While I don't particularly care for this bot's (Rathburn) goals, people are trying to use OpenClaw for all kinds of personal/productivity benefits. Have a bunch of smallish projects that you don't have time for? Go set up OpenClaw and just have the AI work on them for a week or two - sending you daily updates on progress.

If you're the type who likes LLM coding because it now enables you to do lots of projects you've had in your mind for years, you're also likely the sort of person who'll like OpenClaw.

Forget bots messing with Github and posting to social media.

Yes, it's very dangerous.

But do you have a "safe" alternative that one can set up quickly, and can have a non-technical user use it?

Until that alternative surfaces, people will continue to use it. I don't blame them.



If OpenClaw users cause negative externalities to others, as they did here, they ought to be deterred with commensurate severity.


> If you're the type who likes LLM coding because it now enables you to do lots of projects you've had in your mind for years, you're also likely the sort of person who'll like OpenClaw.

I'm definitely the former, but I just can't see a compelling use for the latter. Besides manage my calendar or automatically responding to my emails, what does OpenClaw get me that claude code doesn't? The premise appeals to me on an aesthetic level, OpenClaw is certainly provocative, but I don't see myself using it.


I'll admit I'm not up to speed on Claude Code, but can you get it to look at a company's job openings each day, and notify you whenever there's an opening in your town.

All without writing a single line of code or setting up a cron job manually?

I suppose it could, if you let it execute the crontab commands.
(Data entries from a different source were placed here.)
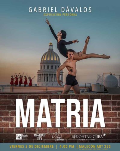 La Habana, 1 dic (Prensa Latina) Una selección de fotos de bailarines de varias de las principales compañías de danza del país protagonizarán la exposición “Matria”, del fotógrafo Gabriel Dávalos, por invitación de Lizt Alfonso Dance Cuba (LADC).
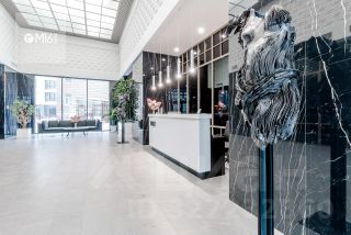 Просторная кухня с панорамным окном объединена с угловой гостиной зоной с тремя такими же огромными окнами, что делает пространство воздушным и очень светлым. Общая площадь кухни-гостиной составляет 48.5 м² и выделена в отдельное - левое крыло квартиры.
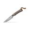 Le manche en pakkawood marron, soigneusement toxifié à la main, assure une prise en main confortable et sécurisée tout en offrant un design unique à chaque pièce. Ce matériau noble et robuste apporte chaleur et authenticité à ce couteau d'exception.
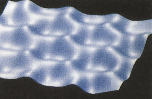 扫描隧道显微镜(STM)以一根非常细小的针尖和被研究物质的表面为两个导体,形成两个电极(图 6-17)。当针尖与样品表面非常接近(一般小于 1 nm)时,由于电子存在波动性,电子就会穿过两个电极之间的绝缘层流向另一极,这种电流称为隧道电流。隧道电流的大小与针尖到样品表面的距离密切相关。测量时让针尖在样品表面扫描,控制隧道电流不变,针尖随样品表面高低起伏。针尖的三维运动信号可通过计算机系统在屏幕上直接显示,或者在记录纸上打印下来,获得样品表面的三维立体信息(图 6-18)。在低温下,利用 STM 可对原子进行直接操纵和排布;在常温下,也可对单个原子进行拾取和填充,实现了按人类意愿重新排布单个原子的梦想。
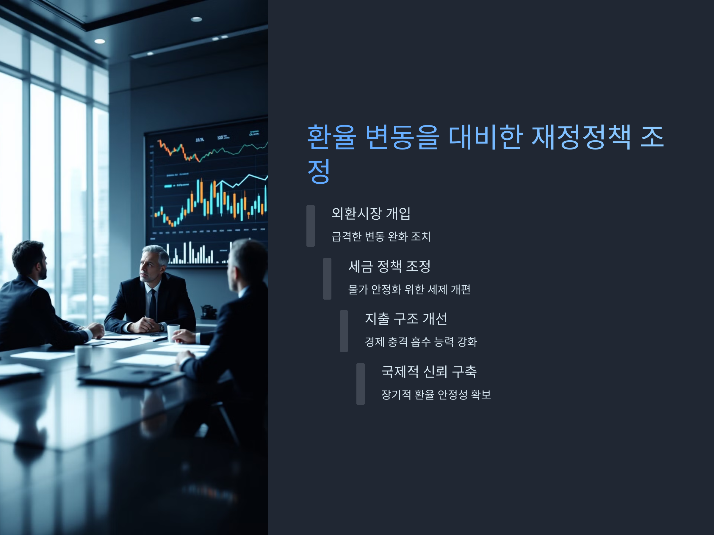 정부는 환율 변동에 대비하기 위해 재정정책을 적절히 조정할 필요가 있습니다. 환율이 급변할 경우, 정부는 외환 시장에서의 개입뿐만 아니라, 국내 경제의 안정성을 확보하기 위해 다양한 방법을 모색해야 합니다. 예를 들어, 환율 변동에 의해 발생할 수 있는 물가 상승을 막기 위해 세금 정책을 조정하거나, 정부 지출을 조절하는 방법을 사용할 수 있습니다.
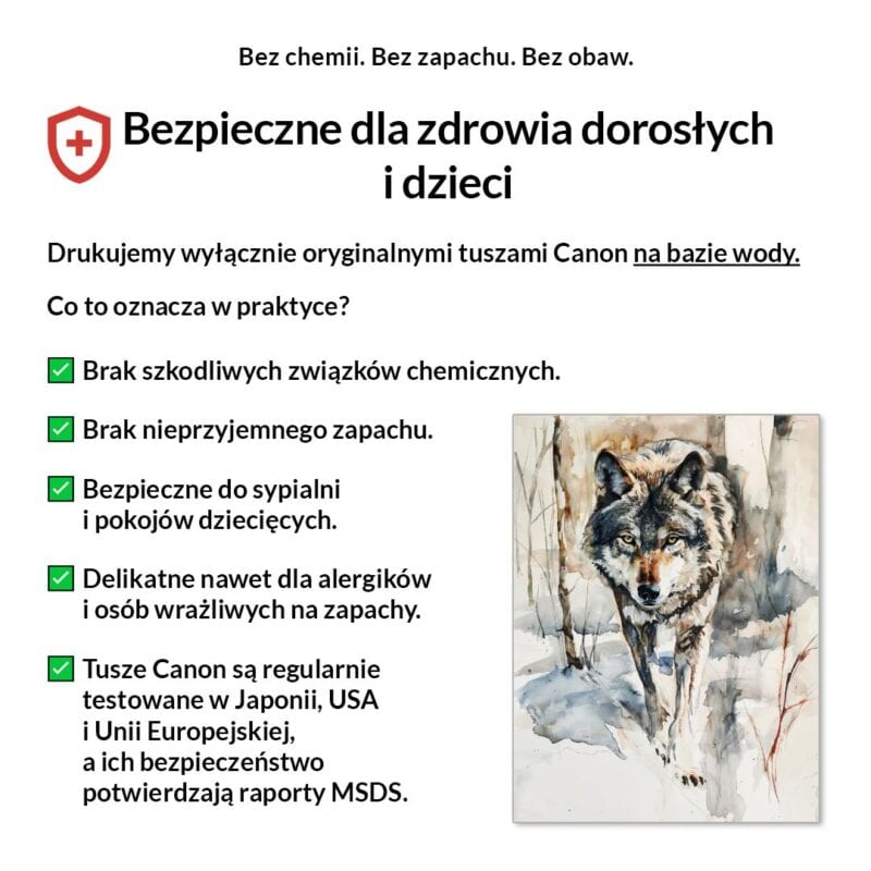 Tak, absolutnie! Drukujemy wyłącznie certyfikowanymi, bezwonnymi tuszami pigmentowymi Canon Lucia Pro na bazie wody. Są one w pełni bezpieczne dla zdrowia, nie zawierają rozpuszczalników i mogą być bez obaw stosowane w sypialniach i pokojach dziecięcych.
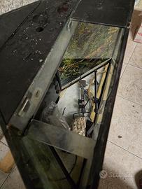 vendesi acquario causa inutilizzo, segni di usura estetici ma condizioni generali buone, assieme presenti luce led con temporizzatore, pompa d'acqua e termometro. no spedizione, ritiro a casa e possibilità di vederlo.
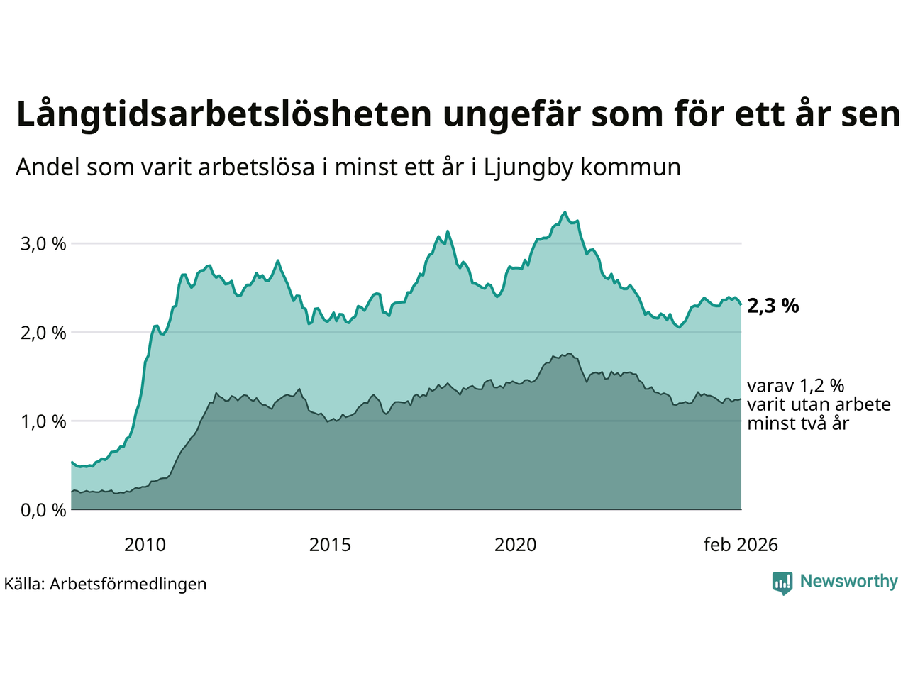 Andelen som varit utan arbete i minst ett år i Ljungby var ungefär lika stor i februari jämfört med samma månad för ett år sedan. Det visar Arbetsfömedlingens senaste månadsstatistik.
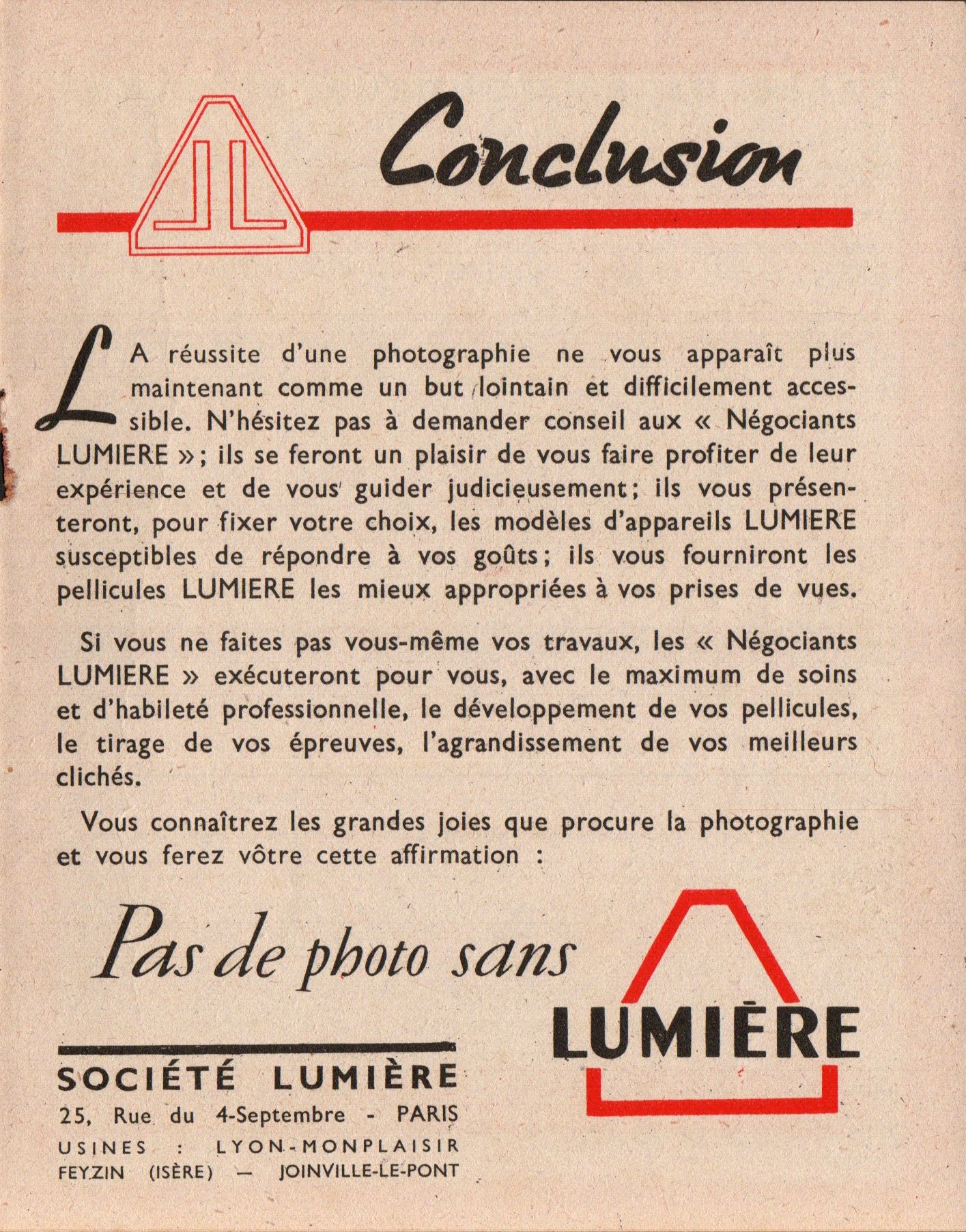 Union Photographique Industrielle - Établissements Lumière & Jougla réunis (1911-1928)
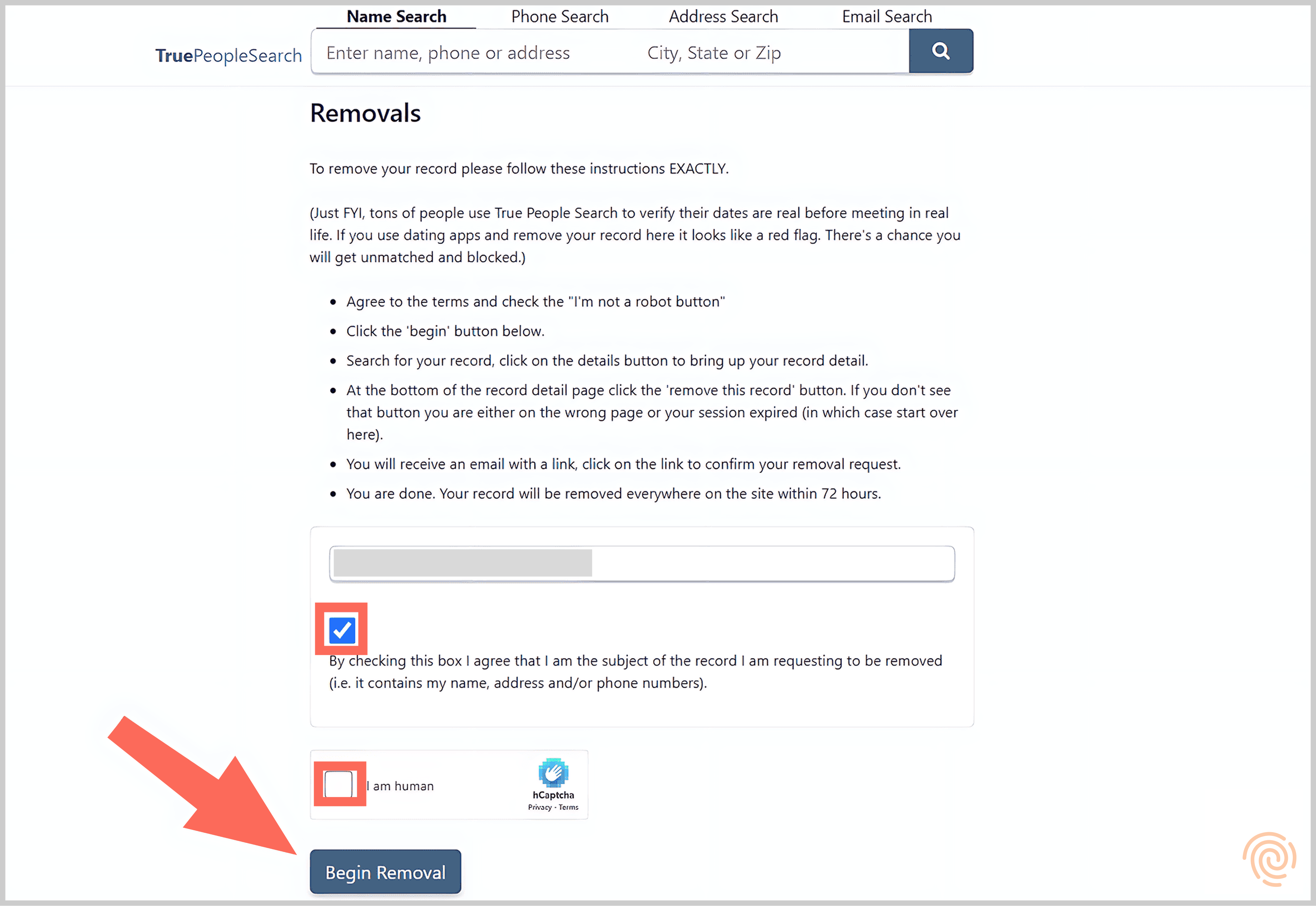 提交删除请求后,TruePeopleSearch.com 将向步骤 2 中提供的地址发送一封确认电子邮件。
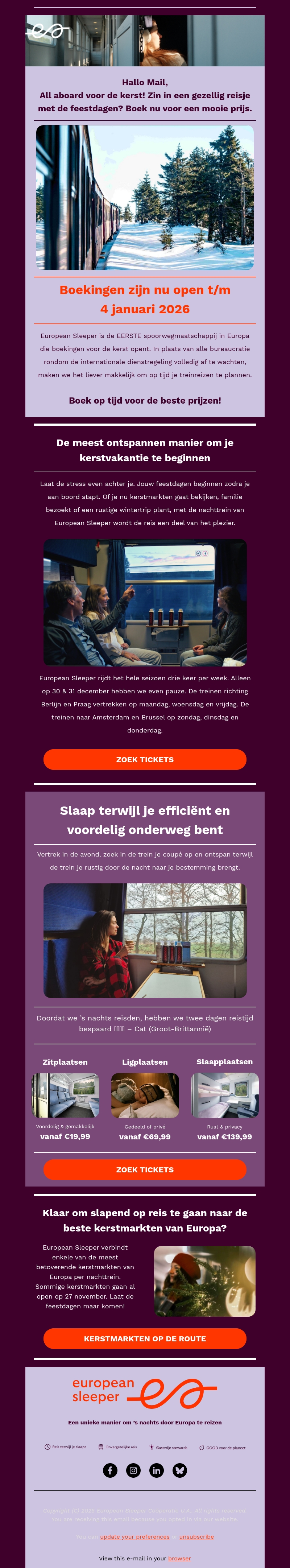 Kerst komt vroeg voor reizigers van European Sleeper!

But 2 months after you've set it up, can you launch claude code and just say "Hey, stop the job search notifications" and have it know what you're talking about?

This is a trivial example. People are (attempting to) use it for more significant/compex stuff.


Yes. I have four devices fully managed by Claude Code at this point. My NAS and Desktop running NixOS. My MBP with nix-darwin and an M2 MBA with a dead screen that I've turned into a headless server also using nix-darwin. I've got a common flake theme and modularized setup. I've got health checks (all written by CC) coming in from all of them aggregated by another script (written by CC) which will send me alerts over various pipelines including to my Matrix server (setup and maintained by CC). I can do things like ask CC to setup radarr and make it available on my internal network and it knows where and how I host containers. It can even look at other *arr tools and pull usenet details from them to use in radarr. What my NAS is for. How to add a service in a "standards" compliant way for my setup. I can ask it to make a service available on the internet and it will configure a cloudflared tunnel exposing it. Including knowing when to make changes on my local dnsmasq instances or the Cloud Flare global DNS for external access.

I think the difference is that all of my scheduled tasks and alerting capabilities are all just normal scripts. They don't depend on CC to exist. CC could disappear tomorrow and all of my setup and config would still be valid and useful and continue to work. CC isn't a critical path for any normal operations of the system. I have explicitly instructed CC to create and use these scripts so it's not something you get "for free" but something you can architect towards. If I wanted to look at a companies job postings each day and provide alerts to me, I'd have CC build a script to scrape and process results and schedule it. At that point CC is outside of the loop and I have a repeatable pattern to use until the website changes significantly enough to justify updating it. But I could ask that CC context to stop the job search service months later and it would know or be able to find what I'm referring to.

I'm open to using more autonomous tools like OpenClaw, but I'm very resistant to building them into critical workflows. I'd happily work with their output, but I don't want them to be a core part of the normal input/output operations of the day to day running of my systems. My using AI to make changes to my system is fine. My system needing AI to run day to day is not.


I've heard people do similar stuff in CC. Do you know of any writeups on some of this (CC or OpenCode)?


But aren't you ignoring that the headline might be simply critical of the very idea of autonomous agents with access to personal accounts etc?

I haven't even read the article, but just because we can, it doesn't mean we should (give autonomous AI agents based on LLMs in the cloud access to personal credentials)?


You don't need to give OpenClaw access to personal stuff. Yes, people are letting it read email. Risky, but I understand. But lots of others are just using it to build stuff. No need to give it access to your personal information.

Say you want a bot to go through all the HN front page stories, and summarize each one as a paragraph, and message you with that once a day during lunch time.

And you don't want to write a single line of code. You just tell the AI to set it all up.

No personal information leaked.


Yep, I’m in this camp. My OC instance runs on an old MacBook with no access to my personal accounts, except my “family appointments” calendar and an API key I created for it for a service I self-host. I interact with a Discord bot to chat with it, and it does some things on schedules and other things when asked.

It’s a great tool if you can think of things you regularly want someone/thing else to do for you.


I have a somewhat similar use case. I do want it to go through my insta feed, specifically one account that breaks down statistical models in their reels, summarize the concepts and dump it to my Obsidian.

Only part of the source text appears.